VELHO — Muito bem! Ou seja (Baixando a voz), tem que lembrar, mas lembrar antes.

JOVEM — Antes?

VELHO — (Com discrição.) Sim, tem que lembrar para amanhã.

JOVEM — (Preocupado.) Para amanhã!

(Um relógio dá as 6. A Datilógrafa passa pela cena chorando em silêncio.)

VELHO — 6 horas.

JOVEM — Sim, 6 horas e com muito calor. (Levanta-se.) Está com céu de tempestade. Bonito. Cheio de nuvens cinzas…

VELHO — Então, você…? Eu fui um grande amigo dessa família. Principalmente do pai. Ele lida com astronomia. (Irônico.) Está bem. De astronomia, não? E ela?

JOVEM — Ela, eu a conheci pouco. Mas não importa. Eu acredito que gosta de mim.

VELHO — Certamente!

JOVEM — Foram para uma longa viagem. Eu quase fiquei feliz…

VELHO — O pai dela veio?

JOVEM — Nunca! Por agora, não pode ser… Por coisas que não são de se explicar, eu me casarei com ela… até que passem 5 anos.

VELHO — Muito bem! (Com alegria.)

JOVEM — (Sério.) Por que disse muito bem?

VELHO — Então… porque… é bonito isso? (Apontando para o quarto.)

JOVEM — Não.

VELHO — Não o angustia a hora da partida, os acontecimentos, o que há de chegar agora mesmo?…

JOVEM — Sim, sim. Não me fale sobre isso.

VELHO — O que acontece na rua?

JOVEM — Barulho, barulho sempre, poeira, calor, cheiros ruins. Me incomoda que as coisas da rua entrem na minha casa. (Escuta-se um longo gemido. Pausa). Juan fecha a janela.

(Um Empregado, que sutilmente anda pelas pontas dos pés, fecha a janela da sacada.)
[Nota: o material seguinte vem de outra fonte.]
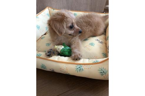 犬を飼いたいと思ってから、トイプードルかミックスで探していました。お店を回ったりネットを見たりしている中で、毛色やお顔がとてもかわいく、「この仔だ!」とピンと来ました。オンライン見学で実際の様子を見ることができたので、安心して決めることができました。
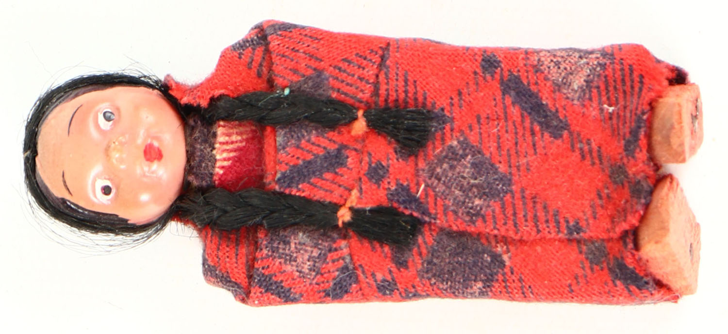 Early skookum dol, all wood with wool. Grade: Excellent - Value: 20 to 60
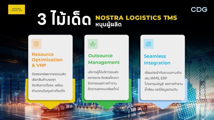 ด้วยเหตุนี้แพลตฟอร์มบริหารจัดการงานขนส่งอัตโนมัติ “NOSTRA LOGISTICS TMS” จึงถือเป็นนวัตกรรมโซลูชันสุดอัจฉริยะที่จะมาตอบโจทย์ และแก้ปัญหางานขนส่งให้แก่พันธมิตรคู่ค้า โดยมุ่งหวังในการส่งมอบประสบการณ์ที่สมบูรณ์แบบ และเป็นตัวช่วยทุกรูปแบบทั้งการบริหารการขนส่งด้วยตนเอง หรือว่าจ้างบริษัทเอาท์ซอร์สขนส่งร่วมด้วยกับ 3 ไม้เด็ด ประกอบด้วย
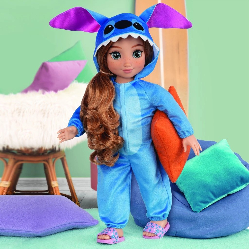 Miela lėlė, įkvėpta Disney personažo Stitch, maždaug 45 cm ūgio, su ilgais šukuojamais plaukais ir judriomis galūnėmis. Stilingas mėlynas kombinezonas su užtrauktuku ir kapišonu su ausytėmis skatina kūrybišką žaidimą, persirengimą ir pozavimą. Puiki draugė glostymui, šukavimui ir kasdieniams nuotykiams.
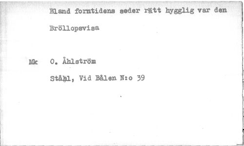 //// Bland forntidens seder rätt hygglig var den Bröllopsvisa //// Nk 0. Åhlström //// Stä#1, Vid Bålen N:o 39 ////
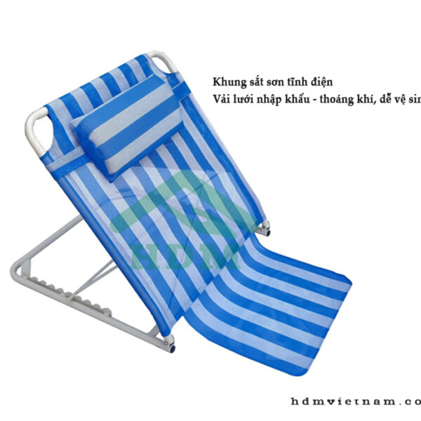 - Bục tựa lưng cho người già có 7 nấc chỉnh, có thể ngả từ 30 đến 80 độ tùy nhu cầu và yêu cầu về độ dốc của từng bệnh nhân
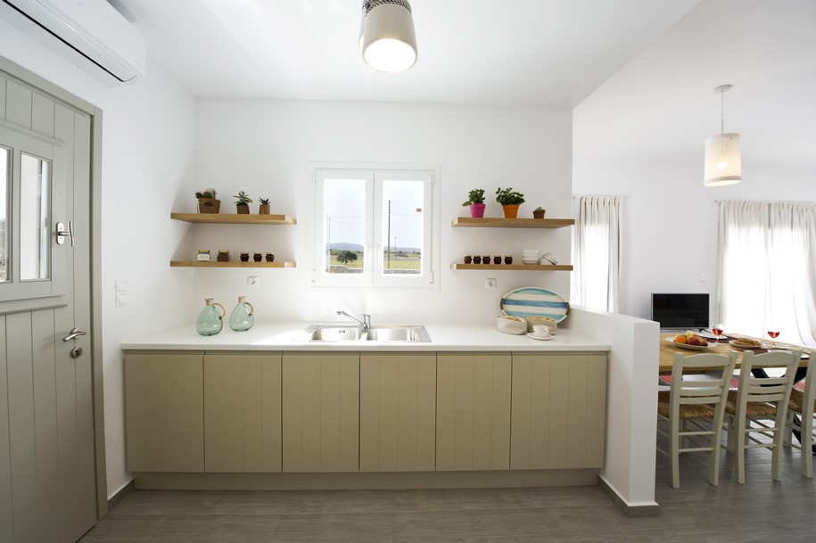 In both houses the office designed the kitchen area in such a way so as not to be directly visible from the living room but at the same time to be in close contact with it and the dining room as well, emphasizing on plenty of storage space.

VELHO — Ela… é muito jovem.

JOVEM — Muito jovem. Quinze anos!

VELHO — Não gosto dessa maneira de expressar. Quinze anos que ela viveu, que são ela mesma. Mas, por que não dizer que tem quinze neves, quinze ares, quinze crepúsculos?  Você não se atreve a fugir? A voar? A ampliar o seu amor por todo o céu?
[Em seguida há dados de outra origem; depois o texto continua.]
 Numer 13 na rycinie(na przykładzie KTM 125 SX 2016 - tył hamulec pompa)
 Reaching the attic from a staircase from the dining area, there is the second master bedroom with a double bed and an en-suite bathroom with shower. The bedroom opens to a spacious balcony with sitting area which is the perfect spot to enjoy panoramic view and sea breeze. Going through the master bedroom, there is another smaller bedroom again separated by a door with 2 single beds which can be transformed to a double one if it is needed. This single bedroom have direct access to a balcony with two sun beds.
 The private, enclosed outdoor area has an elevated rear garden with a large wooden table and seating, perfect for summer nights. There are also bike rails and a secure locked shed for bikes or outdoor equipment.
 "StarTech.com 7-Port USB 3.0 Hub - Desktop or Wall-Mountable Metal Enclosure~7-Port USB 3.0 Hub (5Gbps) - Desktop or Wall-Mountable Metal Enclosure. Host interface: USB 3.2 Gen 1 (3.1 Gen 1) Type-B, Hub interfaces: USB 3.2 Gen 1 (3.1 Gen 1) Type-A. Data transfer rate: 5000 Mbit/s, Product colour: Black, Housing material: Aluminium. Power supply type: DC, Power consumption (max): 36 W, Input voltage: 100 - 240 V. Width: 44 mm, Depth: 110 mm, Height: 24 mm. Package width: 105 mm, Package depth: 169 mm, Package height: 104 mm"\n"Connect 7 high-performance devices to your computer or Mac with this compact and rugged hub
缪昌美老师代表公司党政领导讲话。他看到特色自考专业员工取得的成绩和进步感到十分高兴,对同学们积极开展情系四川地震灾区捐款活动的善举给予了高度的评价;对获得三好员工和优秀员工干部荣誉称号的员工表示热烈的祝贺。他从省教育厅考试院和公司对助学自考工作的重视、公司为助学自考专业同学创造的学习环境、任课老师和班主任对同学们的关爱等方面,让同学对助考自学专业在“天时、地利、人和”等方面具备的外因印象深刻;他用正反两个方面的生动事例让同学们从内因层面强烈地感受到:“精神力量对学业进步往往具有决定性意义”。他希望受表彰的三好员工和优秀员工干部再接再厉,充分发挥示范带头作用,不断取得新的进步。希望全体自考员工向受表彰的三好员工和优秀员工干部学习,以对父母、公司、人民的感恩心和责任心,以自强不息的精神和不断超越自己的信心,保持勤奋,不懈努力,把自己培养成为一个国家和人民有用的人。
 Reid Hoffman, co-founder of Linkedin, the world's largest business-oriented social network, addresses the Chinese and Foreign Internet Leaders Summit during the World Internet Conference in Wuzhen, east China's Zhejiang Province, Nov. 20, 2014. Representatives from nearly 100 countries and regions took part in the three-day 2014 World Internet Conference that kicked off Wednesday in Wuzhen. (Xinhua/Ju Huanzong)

JOVEM — (Senta-se e cobre o rosto com as mãos). Eu a quero muito!

VELHO — (De pé e com energia.) Ou dizer: tem quinze rosas, quinze asas, quinze grãos de areia. Não se atreve a concentrar e ferir seu amor dentro do peito?

JOVEM — Você quer me afastar dela. Mas eu já conheço seu procedimento. Basta observar rapidamente à palma da mão um inseto vivo, ou ver o mar uma tarde prestando atenção na forma de cada onda para que o rosto ou a dor que levamos no peito se desfaça em bolhas. Mas é porque eu estou e quero estar apaixonado, tão apaixonado como ela está por mim e, por isso, posso aguardar 5 anos, na espera de poder me envolver à noite com todo o mundo às escuras, suas tranças de luz ao redor do meu pescoço.
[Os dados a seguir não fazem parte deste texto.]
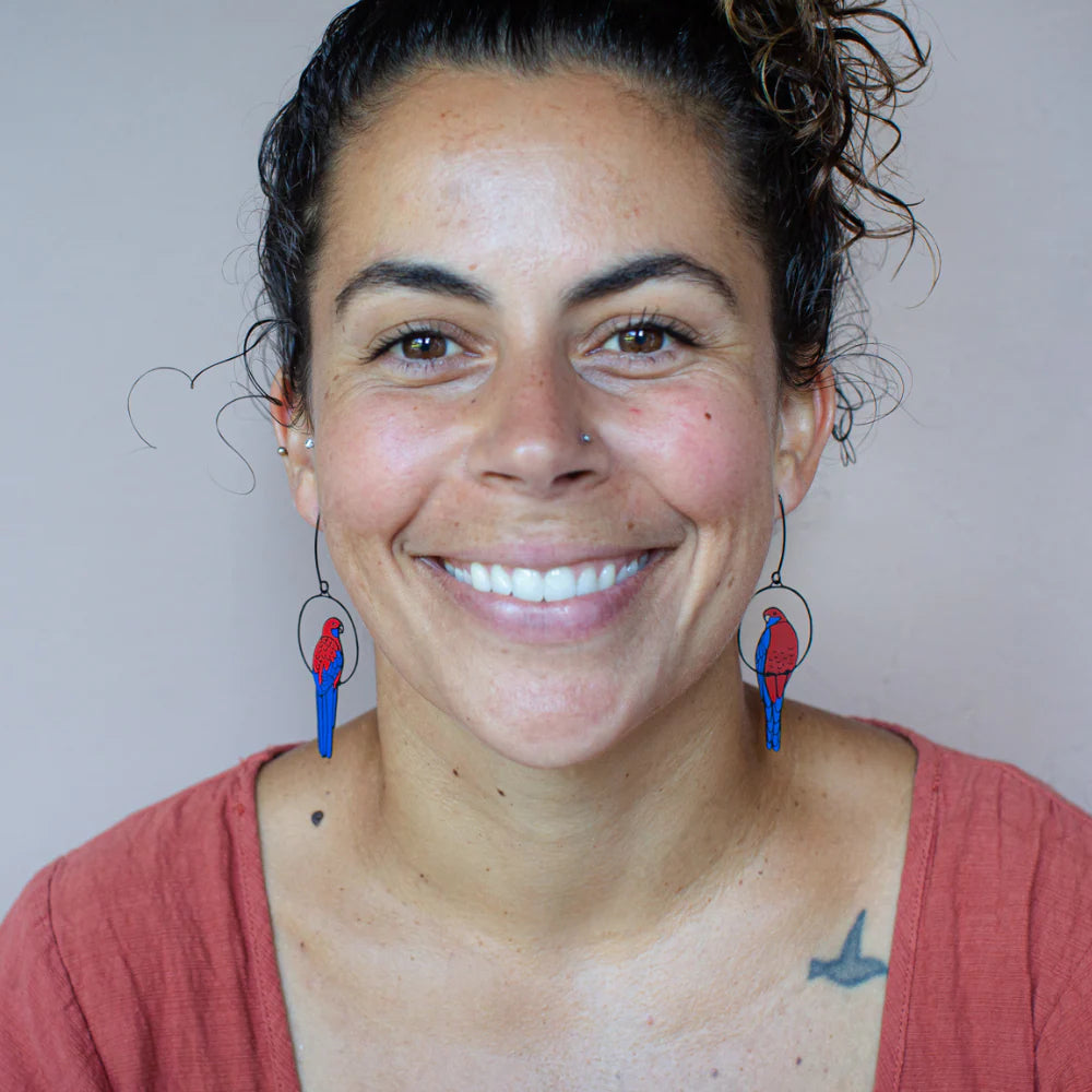 Celebrate the beauty of Australia’s birdlife with the Crimson Rosella Earrings from DENZ, a mismatched pair featuring hand-drawn designs of both the male and female rosella. Perched inside a hoop, each earring showcases the unique colour markings of each bird. Crafted from super thin recycled stainless steel, these earrings are ultra-lightweight and designed for comfortable, all-day wear.
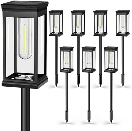 MEYCEMT Modern Solar Pathway Lights Outdoor - 8 Pack, IP65 Waterproof Square Design for Yard Garden Lawn, 14H Runtime Dusk to Dawn Auto, Warm White LED
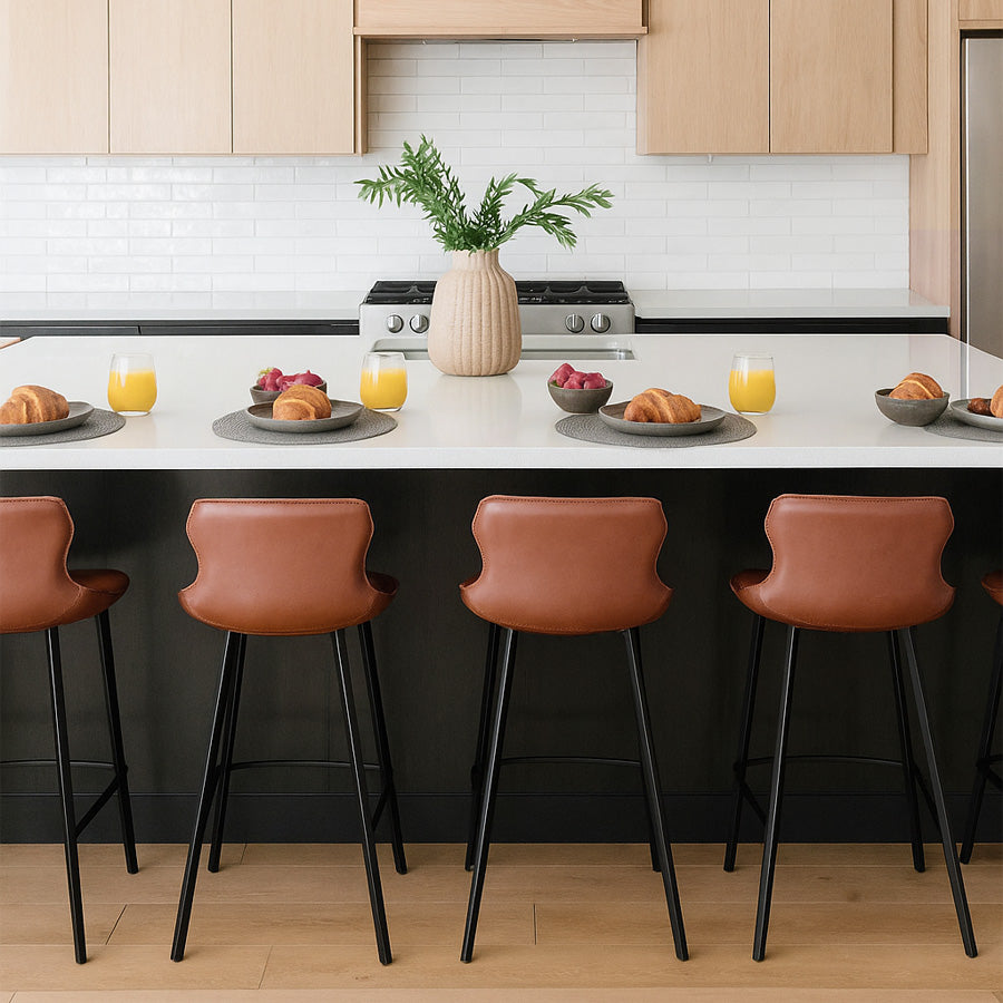 Diseño moderno con líneas limpias, este banco en color terracota aporta calidez y sofisticación a cualquier espacio. Ideal para barras con altura de 90 cm.
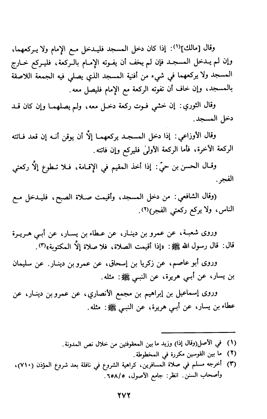 وَقَالَ مَالك إِذا كَانَ دخل الْمَسْجِد فَلْيدْخلْ مَعَ الإِمَام وَلَا يركعهما وَإِن لم يدْخل الْمَسْجِد فَإِن لم يخف أَن يفوتهُ الإِمَام بالركعة فليركع خَارج الْمَسْجِد وَلَا يركعهما فِي شَيْء من أفنية الْمَسْجِد الَّذِي يُصَلِّي فِيهِ الْجُمُعَة اللاصقة بِالْمَسْجِدِ وَإِن خَافَ أَن تفوته الرَّكْعَة مَعَ الإِمَام فَليصل مَعَه

VELHO — Me permita te lembrar que a sua namorada… não tem tranças.

JOVEM — (Irritado.) Eu sei. Ela cortou sem a minha permissão, naturalmente, e isso… (Com angústia.) muda a sua imagem. (Energético.) Já sei que não tem tranças. (Quase furioso.) Por que você me lembrou? (Com tristeza.) Mas, nesses 5 anos, ela voltará a ter.

VELHO — (Entusiasmado.) E mais bonita do que nunca. Serão umas tranças…

JOVEM — São, são. (Com alegria.)

VELHO — São tranças com cujo perfume você pode viver sem pão e nem água.

JOVEM — (Levanta-se.) Penso tanto!

VELHO — Sonha tanto!

JOVEM — Como?

VELHO — Penso tanto que…

JOVEM — Que estou em carne viva. Tudo para dentro é como uma queimadura.

VELHO — (Entregando-lhe um copo.) Beba.

JOVEM — Obrigado! Se eu começo a pensar na garota, na minha menina…

VELHO — Diga minha namorada. Atreva-se!

JOVEM — Não.

VELHO — Mas por quê?

JOVEM — Namorada… você sabe, se digo namorada, já a vejo sem querer encoberta em um céu presa por enormes tranças de neve. Não, não é minha namorada. (Faz um gesto como se afastasse a imagem que quer captá-lo). É a minha menina, minha garotinha.

VELHO — Continue, continue.

JOVEM — Bem, se eu começar a pensar nela! Eu a desenho, eu a faço mover-se branca e viva, mas, de repente, quem muda o nariz ou quebra os dentes ou a transforma em outra pessoa maltrapilha que me passa pela cabeça, monstruosa, como se ela se olhasse num espelho de feira?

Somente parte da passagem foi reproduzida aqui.